| Data provided |
==========

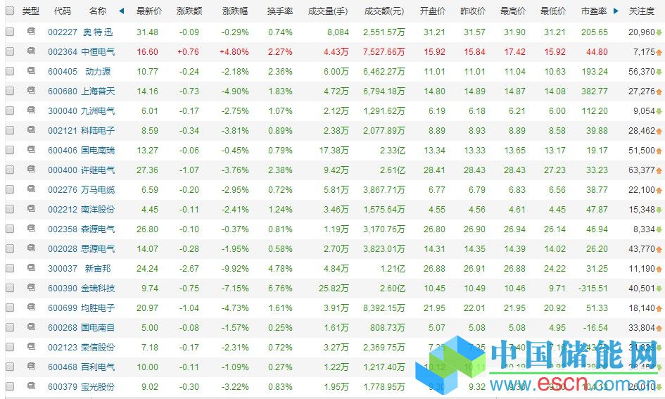 今日新能源汽車版塊暴跌,新宙邦(300037)跌9.92%,金瑞科技(600390)跌7.15%,萬(wàn)向錢潮(000559)跌5.62%,江蘇國(guó)泰(002091)跌5.53%,上海普天(600680)跌4.90%,均勝電子(600699)跌4.73%,比亞迪(002594)跌2.26%,許繼電器(000400)、南洋股份(002212)、動(dòng)力源(600405)、科陸電子(002121)、萬(wàn)馬電纜(002276)等跌幅超2%。
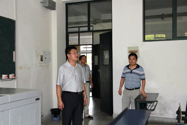 831下午,副校长叶常林在教务处处长陶庭先的陪同下到部分教学场所检查开学准备情况。教务处质量科孙宏义科长、教务科任家钱科长陪同检查。
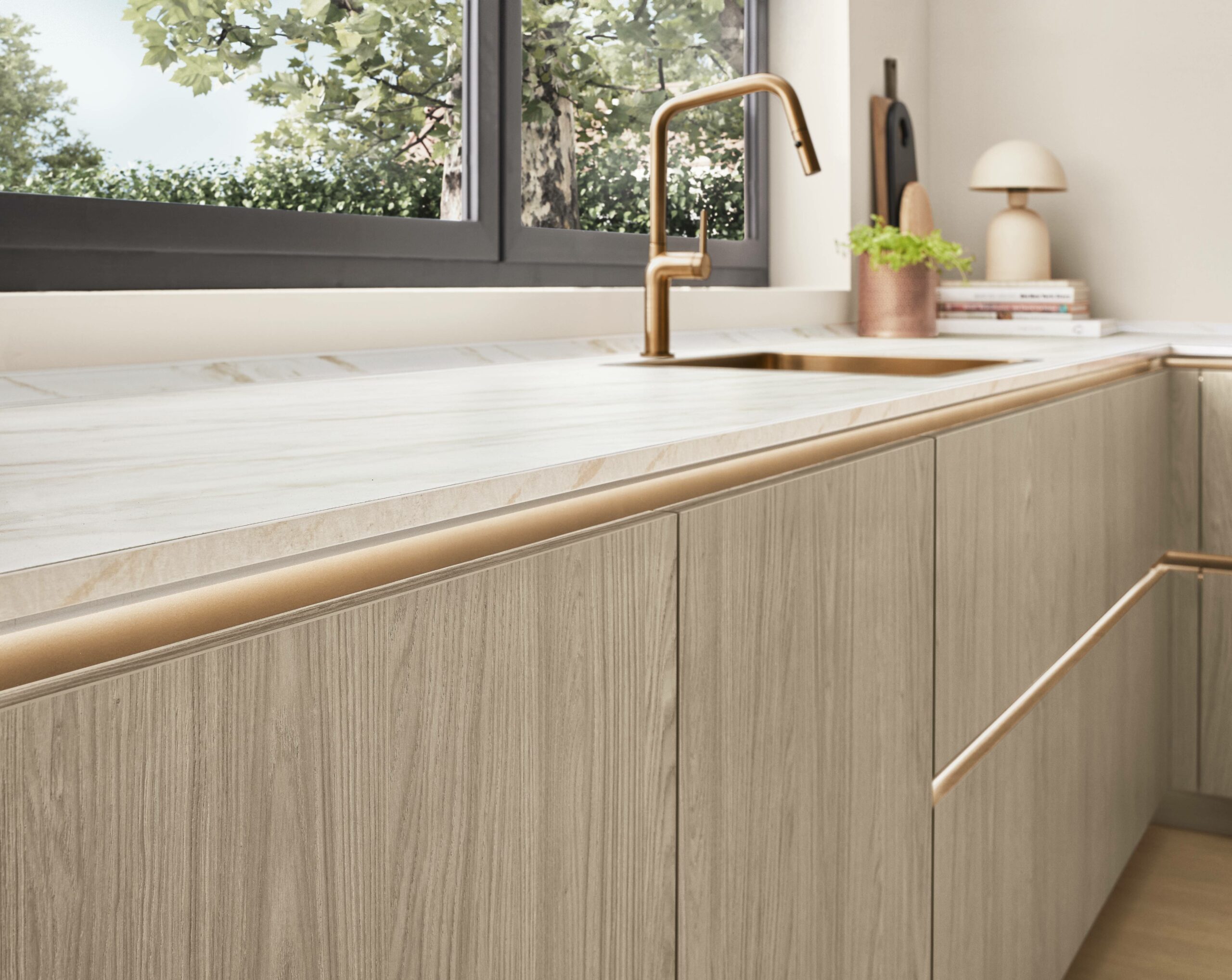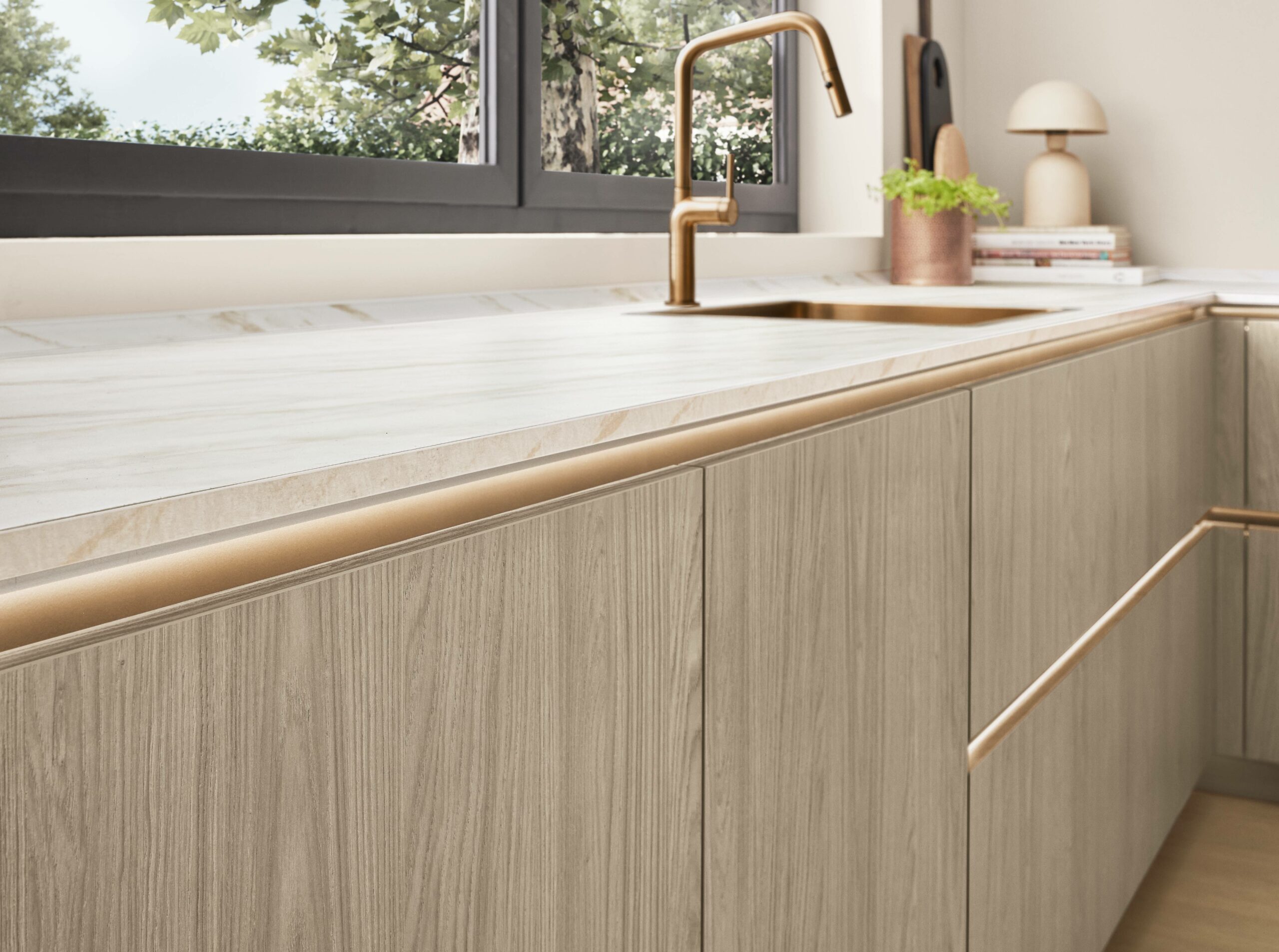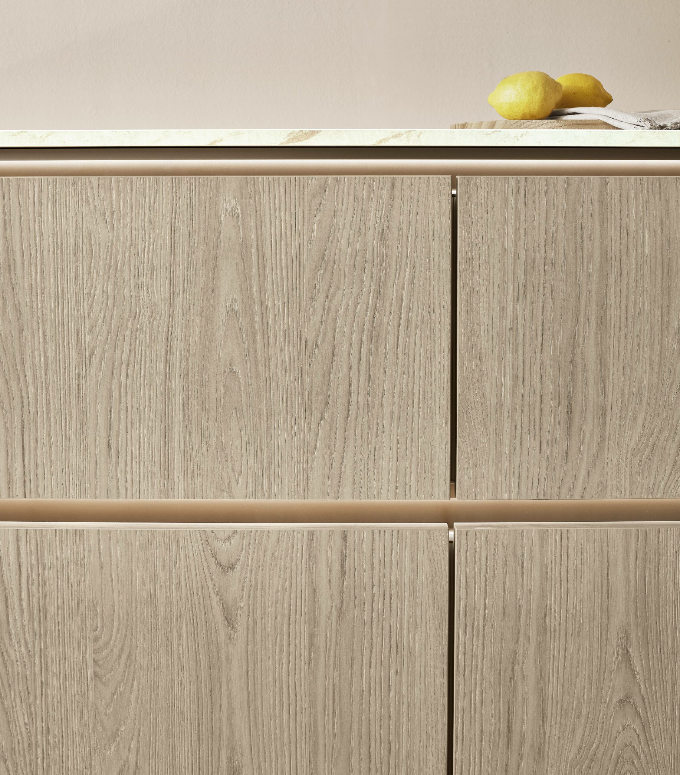 The kitchen gives you space to cook, work, or just spend time with family. Tall units in warm oak hide clutter and keep cooking tools in easy reach. Drawers slide out smoothly so you don’t dig around. A Carrara-bronze marble-look worktop pairs quietly with bronze taps and handles. Surfaces stay clean with anti-fingerprint coating even during busy days. The room feels warm, lived-in and just fits real family life.

==========

| Exercise goal |
Return a verbatim transcription of the data, omitting all images.

| Problem solution |
 今日新能源汽車版塊暴跌,新宙邦(300037)跌9.92%,金瑞科技(600390)跌7.15%,萬(wàn)向錢潮(000559)跌5.62%,江蘇國(guó)泰(002091)跌5.53%,上海普天(600680)跌4.90%,均勝電子(600699)跌4.73%,比亞迪(002594)跌2.26%,許繼電器(000400)、南洋股份(002212)、動(dòng)力源(600405)、科陸電子(002121)、萬(wàn)馬電纜(002276)等跌幅超2%。
 831下午,副校长叶常林在教务处处长陶庭先的陪同下到部分教学场所检查开学准备情况。教务处质量科孙宏义科长、教务科任家钱科长陪同检查。
 The kitchen gives you space to cook, work, or just spend time with family. Tall units in warm oak hide clutter and keep cooking tools in easy reach. Drawers slide out smoothly so you don’t dig around. A Carrara-bronze marble-look worktop pairs quietly with bronze taps and handles. Surfaces stay clean with anti-fingerprint coating even during busy days. The room feels warm, lived-in and just fits real family life.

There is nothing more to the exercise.